Nice speech. For once, it wasn’t lost in translation.
The Dogs didn’t face plant out of the gate, which has been a frequent problem this season. They played well defensively, crashed the boards, got strong performances from guards Kenny Gaines and J.J. Frazier -- 49 points, four steals and zero turnovers between them -- and committed only seven turnovers.
Georgia outscored Ole Miss 22-2 off turnovers and 19-7 in second-chance points. That’s about effort.
It doesn’t mean much in the big picture. Georgia (15-12, 8-8) is scrambling just to finish .500 in the conference and the best it can realistically hope for is an NIT invitation. The real question: Where are things headed under Fox? He’s a really good coach who has had a really bad year. This has been his worst of his seven seasons, given expectations and what he had returning (six players and three starters, including a pair of senior guards, Gaines and Charles Mann).
But it’s unlikely he is going to get fired, and I’m not sure that he should be.
Athletic director Greg McGarity issued his standard response Saturday when asked his view of Fox and the program: “Same answer I would give for tennis, golf, basketball, football. I don’t make any comments during the year.”
He pushed the button on the Mark Richt firing. That actually is one reason why Fox may be safe. To fire Fox would necessitate a $2.4 million buyout. That’s on top of the approximate $6.2 million Georgia is paying Richt and several former assistants who were let go after the football season. Even athletic departments flush with revenue don’t like spending $8.6 million on coaches to not coach.
It’s understandable why some fans want Fox out. He will have made the tournament only twice in seven seasons, which doesn’t suggest overwhelming success. But it’s important to remember the bag of manure he inherited post-Jim Harrick/Dennis Felton. That’s not an excuse to be used for eternity, but Fox has refused to kiss the recruiting vermin down at the AAU level, for which he has McGarity’s respect and support.

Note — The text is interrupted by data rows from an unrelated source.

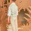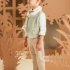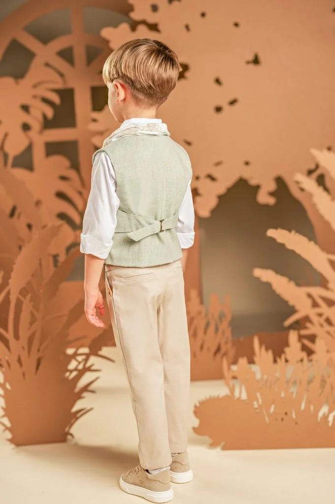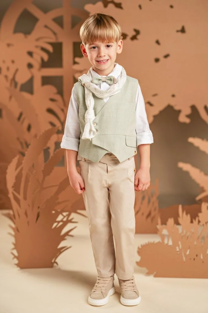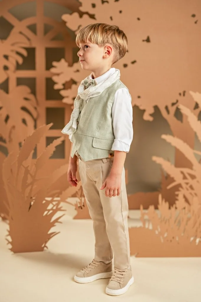 Για μια κομψή εμφάνιση, αυτό το σετ αποτελεί ιδανική επιλογή για κάθε ξεχωριστή περίσταση. Το βαβακερό παντελόνι σε ανοιχτή μπεζ απόχρωση ξεχωρίζει για το ιδιαίτερο σχέδιο στο ζωνάκι και συνδυάζεται άψογα με το σταυρωτό γιλέκο από υπέροχο ιταλικό ύφασμα viscose-cotton στους τόνους της μέντας και το βαμβακερό πουκάμισο σε off white. To look ολοκληρώνεται με το φουλάρι από βαμβακερό ύφασμα με μοναδικό baby bloom exclusive φλοράλ εμπριμέ σε μπεζ & μέντα αποχρώσεις, το παπιγιόν και ανάλογα με το στιλ που προτιμάτε ψάθινο καπέλο ή υφασμάτινη τραγιάσκα.
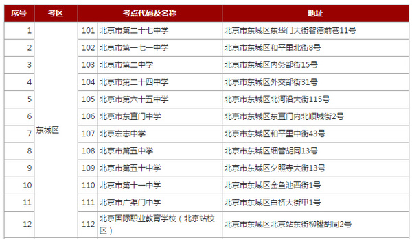 [组图]2015北京高考考点安排及地址表
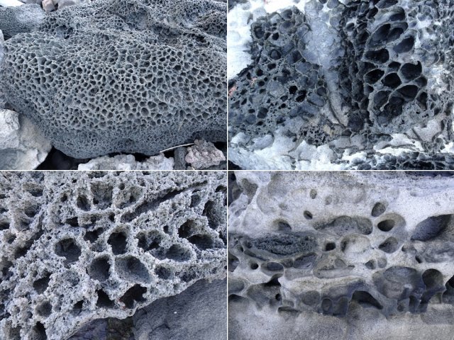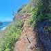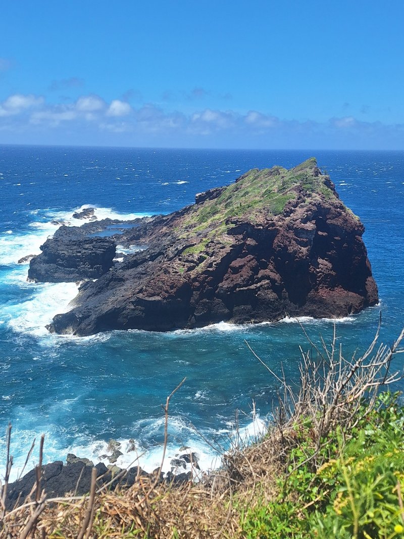 Randonnée sportive et plus aventureuse : Le point de départ se situe dans la descente avant un virage à gauche de la piste. La trouée, souvent à demi-bouchée par les herbes, est tout de même facile à trouver (Photo 4). Le sentier descend dans le bois puis plonge littéralement vers la mer pour une descente de 100 m. Il faut prendre son temps pour éviter branches, racines et pierres en travers (Photo 5). Le sentier se termine au gros filao et aux énormes rochers du littoral. Avant de partir vers les points de vue, il est possible de visiter la Ravine de Petite Île. Descendre les gros rochers en profitant des points de vue sur le Cap à Noël et le Piton de Grande Anse (Photo 6). La remontée de la ravine impose quelques petites escalades entre les énormes blocs (Photo 7). Le premier cassé rencontré se franchit aisément en choisissant les bonnes marches en basalte (Photo 8). Le second, moins haut, semble cependant difficile à passer (Photo 9G). Escalader les rochers en rive droite sous les arbres en prenant garde à la glissade. On parvient très vite à un 3ème cassé, très haut et moussu où du matériel est indispensable pour poursuivre vers l'amont (Photo 9D). Faire demi-tour et revenir au gros filao. Laisser le sentier pris en descente et partir à droite le long de la falaise verticale par endroits (Photo 10). On bénéficie alors des vues sur la façade ouest de l'îlot (Photo 11). Le plus dangereux à cet endroit est de glisser sur les déchets laissés par les pêcheurs ou de se prendre le pied dans les fils nylon coincés entre les roches ! Trouver le sentier qui remonte le long du rempart à partir d'un autre filao (Photo 11). Après une forte montée, on peut repartir à droite pour se rapprocher du bord. Plusieurs sentiers se rejoignent et peuvent prêter à confusion (Photo 13). L'un d'entre eux redescend de nouveau assez fortement en direction de la mer. Il n'y a pas d'arbuste pour se retenir et le cheminement doit s'effectuer prudemment (Photo 14). On se retrouve au point de vue sur la face nord (Photo 15). Avec prudence, il est possible de faire comme les pêcheurs et de se rapprocher du bord si les vagues ne sont pas trop fortes (Photo 16). Si les roches ne sont trop glissantes, chercher les différentes espèces de crabes, les oursins tortue ou les blennies sautant au moment où les vagues arrivent (Photo 17). En revenant et en prenant un autre sentier pour remonter, on est aidé par une longue corde qui facilite l'ascension (Photo 18). Quelques minutes plus tard, on passe au belvédère décrit au §1. Un sentier se remarque dans le bois. Même peu entretenue, on distingue très bien la trace nettoyée régulièrement par les pêcheurs (Photo 19). Seules les feuilles de pandanus peuvent griffer au passage. Repérer le croisement de trois petits sentiers discrets. Partir à droite pour se retrouver à nouveau face à une forte descente étroite souvent en corniche (Photo 20). Comme on s'est éloigné un peu, l'île paraît plus petite et montre sa face est (Photo 21). L'étroit sentier glissant passe près d'un rocher déchiqueté caractéristique doté d'une superbe cheminée gazeuse circulaire (Photo 22). Là également, si la mer est calme, on peut s'approcher du bord à la recherche de bassins et de la faune littorale. On traverse ainsi de magnifiques rochers usés par l'érosion, le vent et les vagues (Photo 23). On remarque une grotte dans la falaise entourée de verdure. Les saliettes (Psiadia retusa) et lavangères (Delosperma napiforme), toutes deux endémiques, semblent en protéger l'entrée (Photo 24). En prenant garde de ne piétiner aucune plante, on peut se rapprocher de la cavité pour un dernier point de vue original (Photo 25). Une trace discrète remonte à partir de la grotte mais il vaut mieux revenir sur ses pas, soit jusqu'au belvédère, soit en partant à droite au croisement aperçu en descente. Dans ce cas, après une nouvelle montée, on finira le long du champ de canne à sucre. Voir le §1 pour le retour au parking.
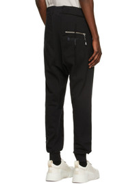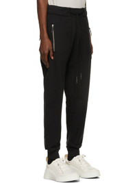 Slim-fit cotton fleece lounge pants in black. Mid-rise. Rib knit dropped inseam and cuffs. Three-pocket styling. Drawstring at elasticized waistband. Tonal logo, graphic, and text embroidered at front legs and back pocket. Silver-tone hardware. Supplier color: Black 100% cotton.
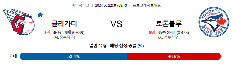 [킹콩티비] 06월 22일 클리블랜드 vs 토론토 MLB 생중계, 스포츠분석,스포츠중계
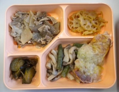 11月21日(金)の中学校給食です。メニューは、鶏肉のねぎ塩焼き、三度豆としめじぞえ、干しずいきの炒め煮、れんこんの炒めもの、きゅうりの風味漬け、米飯、牛乳です。
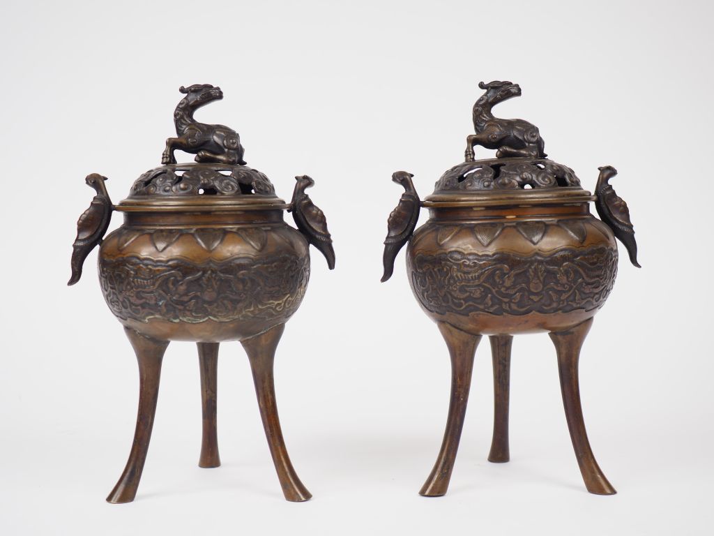 Paire de brûle-parfum tripodes en bronze de patine claire, à décor ciselé de dragons. Des dragons tortues formant anses et un kirin formant la prise du couvercle. Japon, vers 1900. H. 26 cm
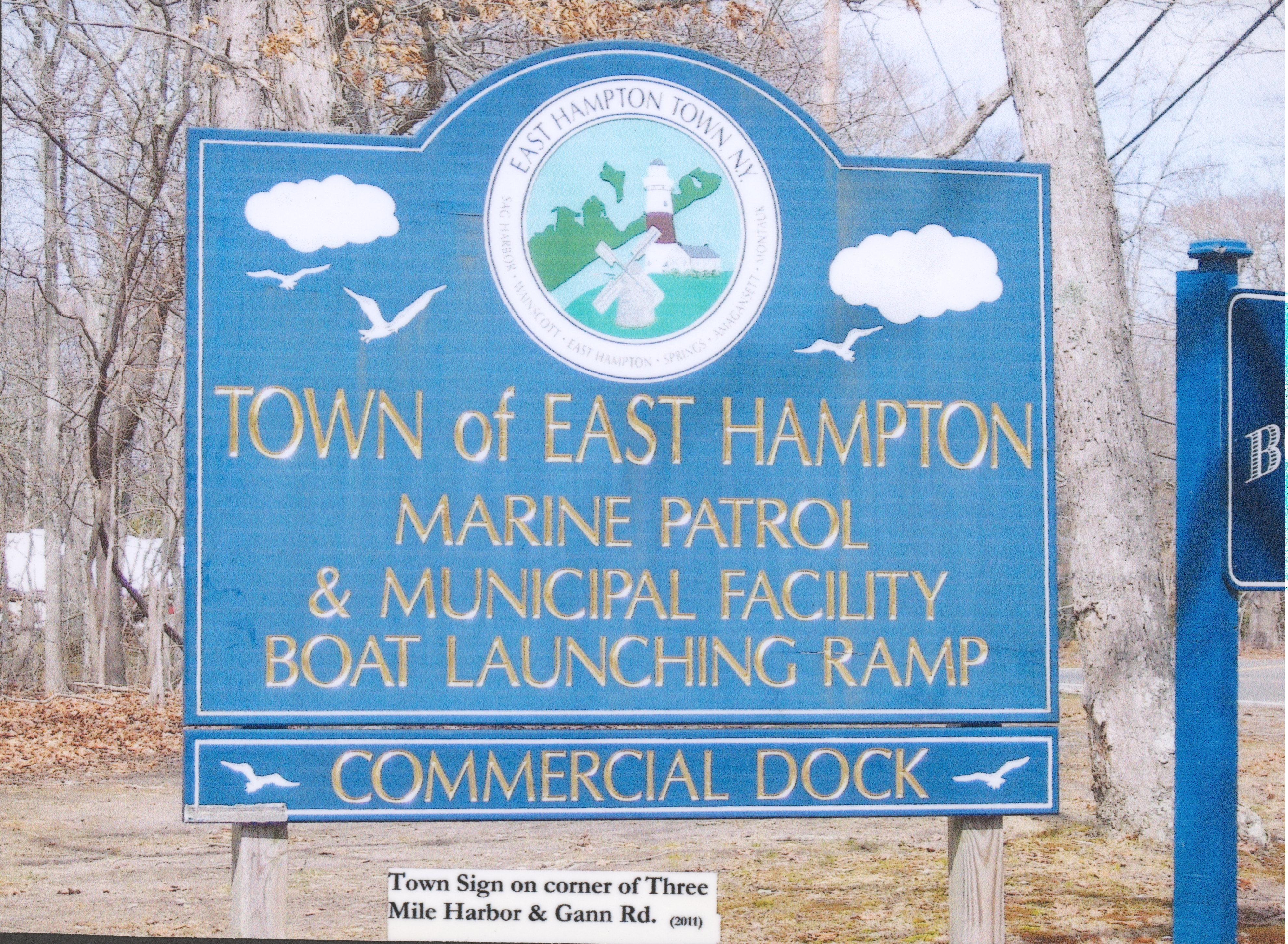 Photo, Town Sign on Three Mile Harbor & Gann, 2011
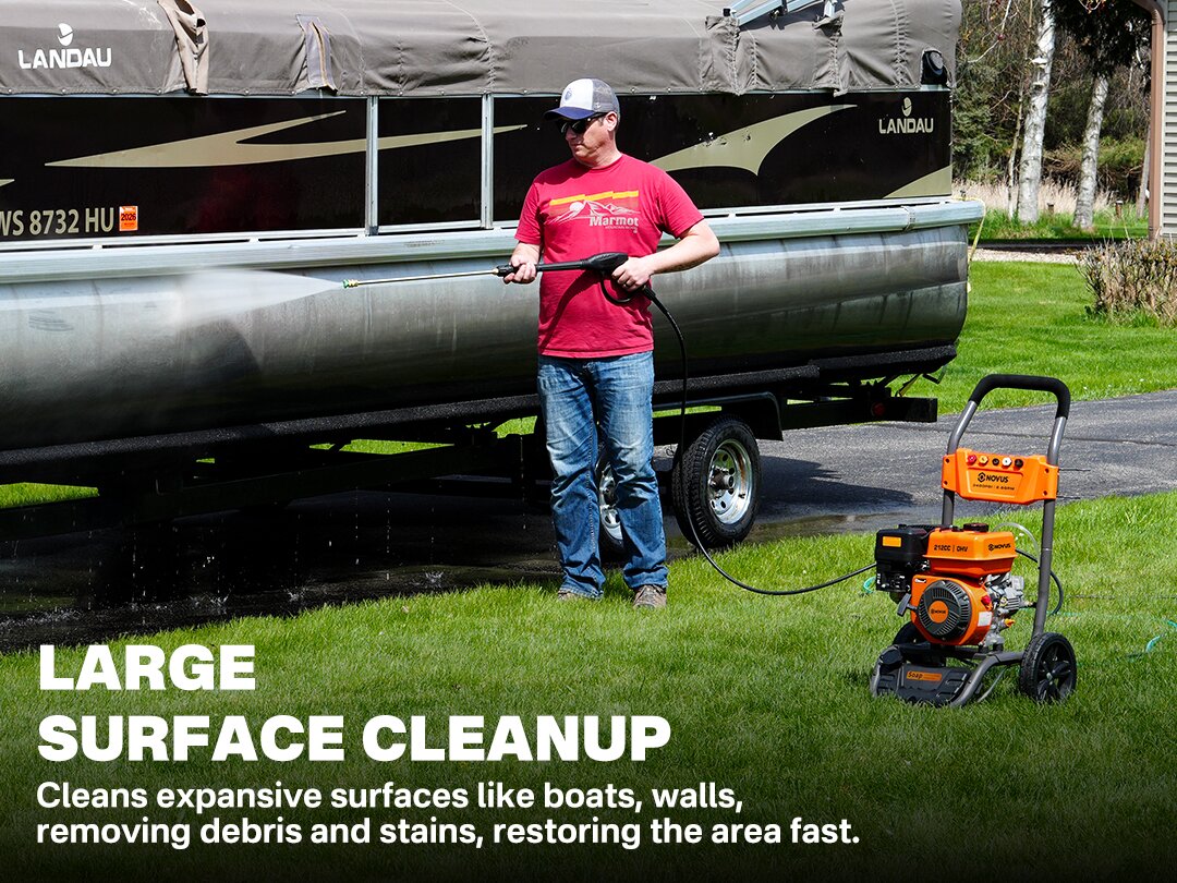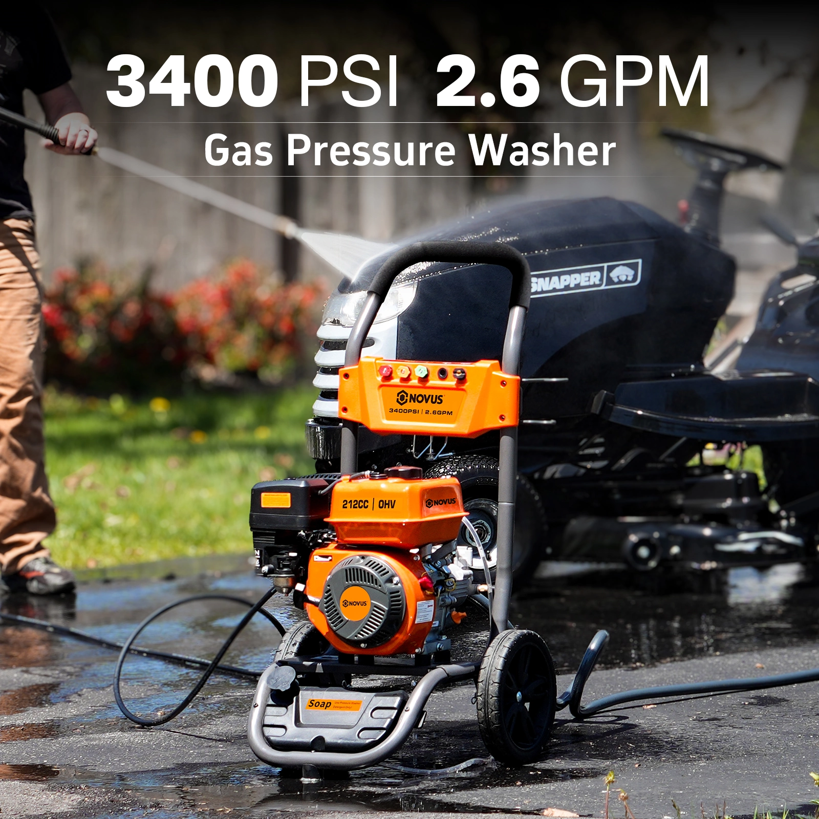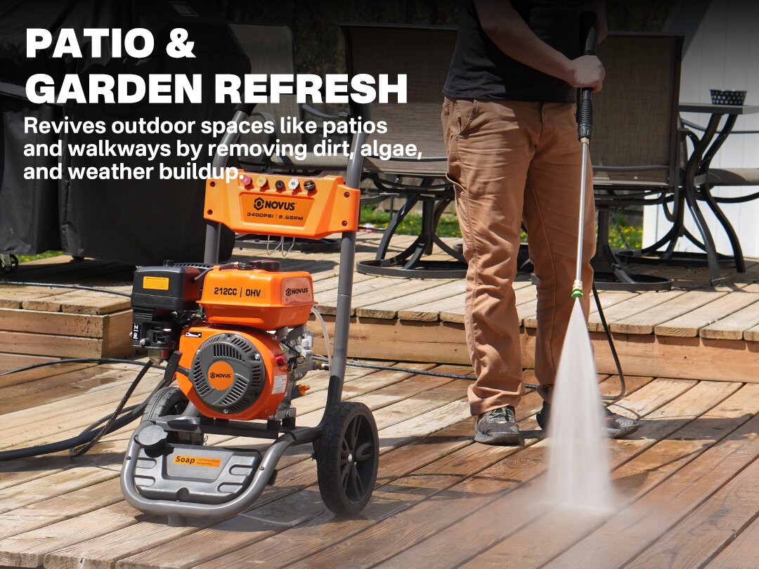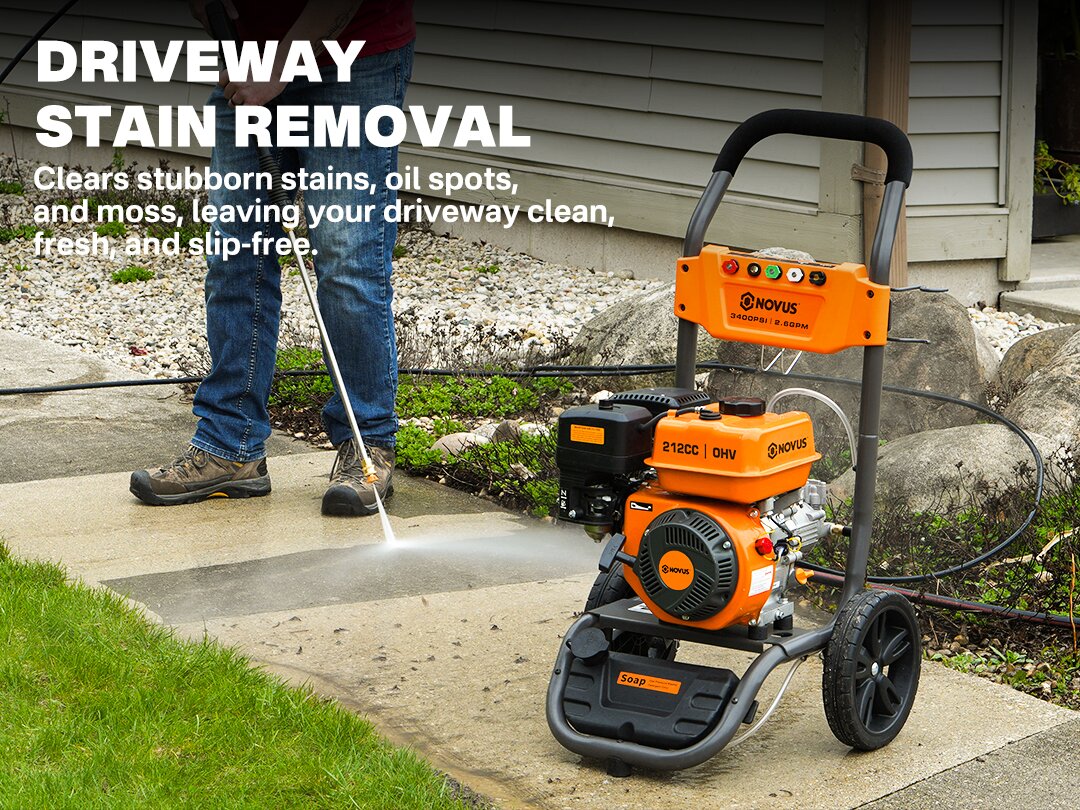This gas power washer delivers an impressive 3400 PSI & 2.6 GPM, combining strong water pressure with high flow for deep cleaning. Perfect for decks, driveways, fences, siding, cars, and patio furniture.
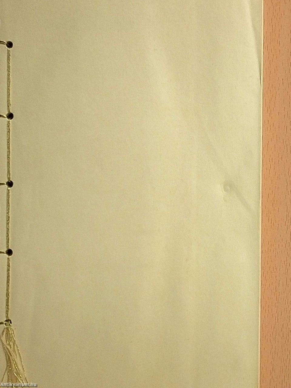 | Megjegyzés: | Eredeti aranyozott védőmappában. Díszzsinórral átfűzött kiadás. Duplaívű lapokkal. |
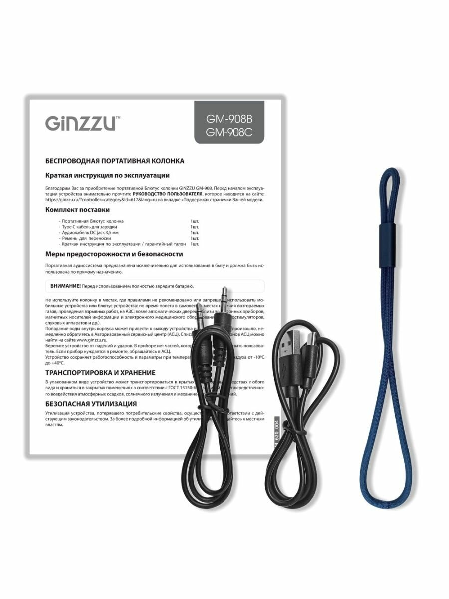 Акустическая система Ginzzu GM-908C синий интересное:
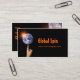 If the world is your oyster, this business card could be just what you are looking for.  A dramatic graphic of the world balancing on a finger on a classical black background with complimenting orange text.  The front is in the horizonal perspective, and includes company name and web address.  The back of the card is in the vertical, with full business contact details.  This business card is fully customisable to your needs.

Also, Fox’s previous two teams went 23-13 in the SEC and had 20-plus wins overall. Only Tubby Smith accomplished the latter in Athens. (Jim Harrick would’ve gotten there if the school the school hadn’t to pull out of SEC and NCAA tournament play in 2003 in anticipation NCAA sanctions. But he also wouldn’t have won so many games if he hadn’t cheated.)
This season represents Fox’s first horrible step backwards. Yes, Georgia went from 21-12 with an NCAA berth in 2012 (Fox’s second year) to 15-17 the next two seasons. But as he said, referencing the unexpected defections of both Travis Leslie and Trey Thompkins to the pros, “When those guys went pro, we weren’t ready for that.”
As for this year, “Our expectation with this group was that we would have a chance in late February to do something, and we were in position to if we had beaten Florida or Vandy.”
Next year could be better. Next year should be better. Frazier, Yante Maten and the injured Juwan Parker will be back. A couple of top recruits will be coming in. Fox is optimistic.
“We can have a terrific young team,” he said.
At some point, words won’t be enough.